Whitish opacities in the cornea usually appear during adolescence but may develop in early infancy, or as late as the 6th decade of life. The non-transparent areas progressively merge as the entire corneal stroma becomes cloudy, causing severe visual impairment usually before the 5th decade. The bilateral corneal opacities progressively extend through the entire thickness of the central and peripheral corneal stroma. The corneal stroma is thinner than normal.

Most cases of MCD are caused by mutations in the CHST6 gene (16q22) encoding a protein involved in the production of keratan sulfate, which plays a role in the maintenance of corneal transparency.
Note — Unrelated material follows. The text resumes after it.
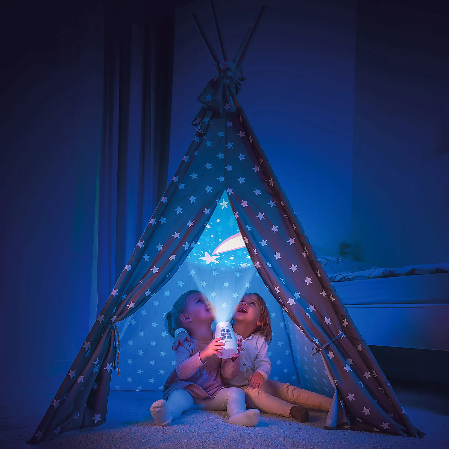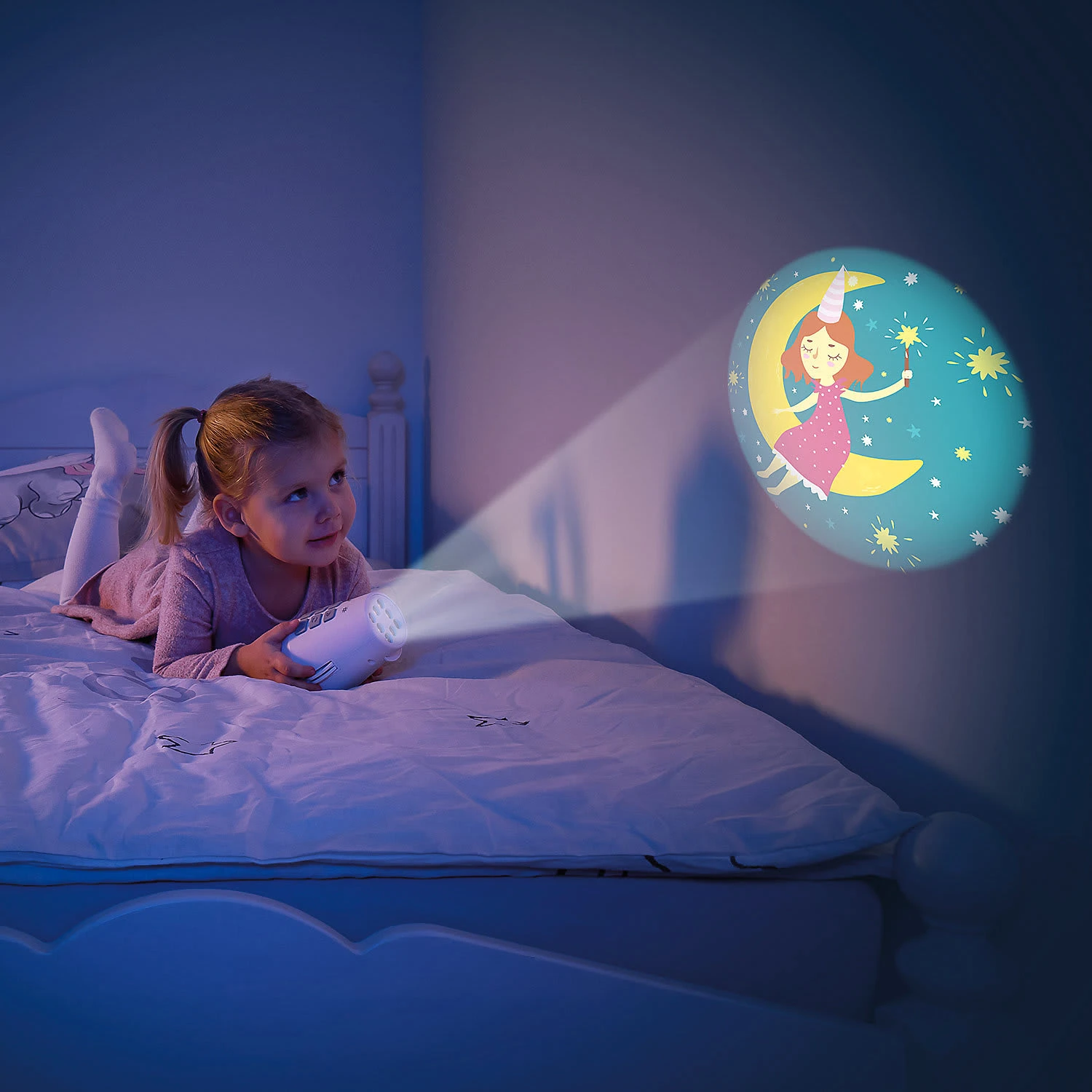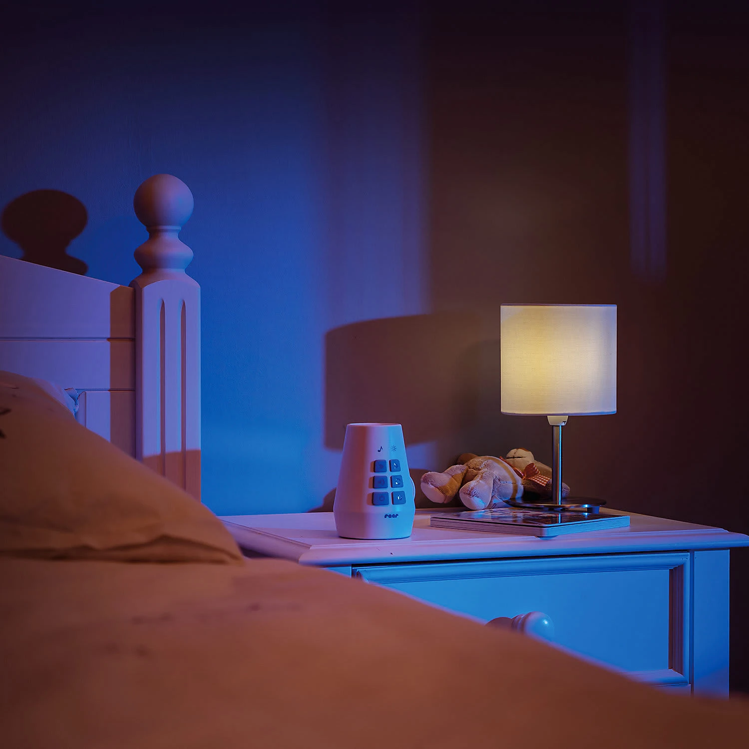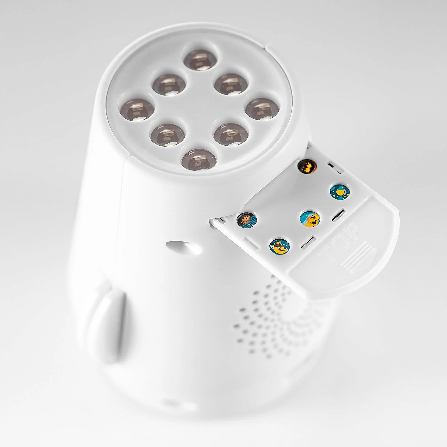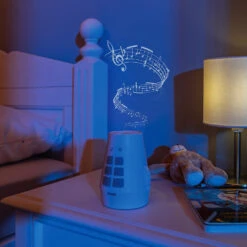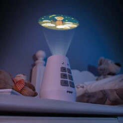 Schick Dein Kind auf Phantasie-Reise mit dem DreamBeam Motivprojektor! 24 unterschiedliche Motive auf 3 verschiedenen Scheiben eröffnen Dir einen Kosmos an Geschichten und Träumen. Schalte das Gerät an und verzaubere Dein Kind mit den süßen Bildern, die der DreamBeam an die Decke, die Wand oder auf das Bettlaken zaubert. Eine Reise mit dem Segelschiff, begeisternde Besuche auf Baustellen, Fangen spielen mit den Füchsen? Kein Problem, der Phantasie und der Spielfreude Deines Kindes sind keine Grenzen gesetzt mit den zauberhaften Motiven, die der DreamBeam von reer bietet. Der Motivprojektor zaubert faszinierende Lichtprojektionen an Wand oder Decke. Die verschiedenen Bilder befinden sich auf 3 Motivscheiben. Jede Scheibe beinhaltet 8 farbenfrohe Motive aus der Tierwelt, der Traumwelt und der Erlebniswelt. Die einzelnen Bilder können wahlweise auf ein Motiv festgestellt oder sanft wechselnd abgespielt werden. Der DreamBeam ist zusätzlich mit einer Musikfunktion ausgestattet. Zehn klassische Kinderlieder und fünf Naturgeräusche sorgen bei Bedarf für die akustische Untermalung des Abenteuers. Dank verschiedener Lautstärkenstufen können die Melodien ganz auf die Bedürfnisse und Umgebung des Kindes abgestimmt werden. Durch die Timer-Funktion schaltet sich die Musik nach 30 Minuten automatisch aus. Zum Abspielen der gewünschten Motivscheibe wird diese einfach oben in den Projektor eingelegt. So können selbst schon die Kleinsten die Scheiben eigenständig wechseln. Die beiden anderen Motivscheiben können währenddessen in den seitlichen Einschüben aufbewahrt werden. So kann keine Scheibe verloren gehen. Der DreamBeam kann mit Batterien betrieben werden. Dadurch kann es unabhängig von Stromquellen überall flexibel aufgestellt oder in der Hand gehalten werden. Die kindersichere Verschraubung des Batteriefachs verhindert dabei, dass Dein Kind die Batterien in die Finger bekommt. Mit dem mitgelieferten Micro-USB- Kabel kann es auf Wunsch aber auch über Steckdosen betrie

More than 125 mutations in this gene have been identified to date.

MCD is characterized histopathologically by intracytoplasmic accumulations of non-sulfated keratan sulfate within the keratocytes and corneal endothelium, sparing the corneal epithelium. MCD is classified as a corneal stromal dystrophy but also involves the Descemet membrane and the corneal endothelium.

The clinical features of MCD are similar to the corneal involvement found in the systemic mucopolysaccharidoses, such as mucopolysaccharidosis type IH and IS and the mucolipidoses (see these terms).

An autosomal recessive mode of inheritance has been shown in most cases, but some cases are of unknown etiology.

Since the condition affects the entire corneal stroma, Descemet membrane and corneal endothelium, lamellar keratoplasty does not excise all damaged tissue. Corneal transplantation may therefore be needed. Vision can be restored by corneal grafting but opacities may recur in the graft after many years.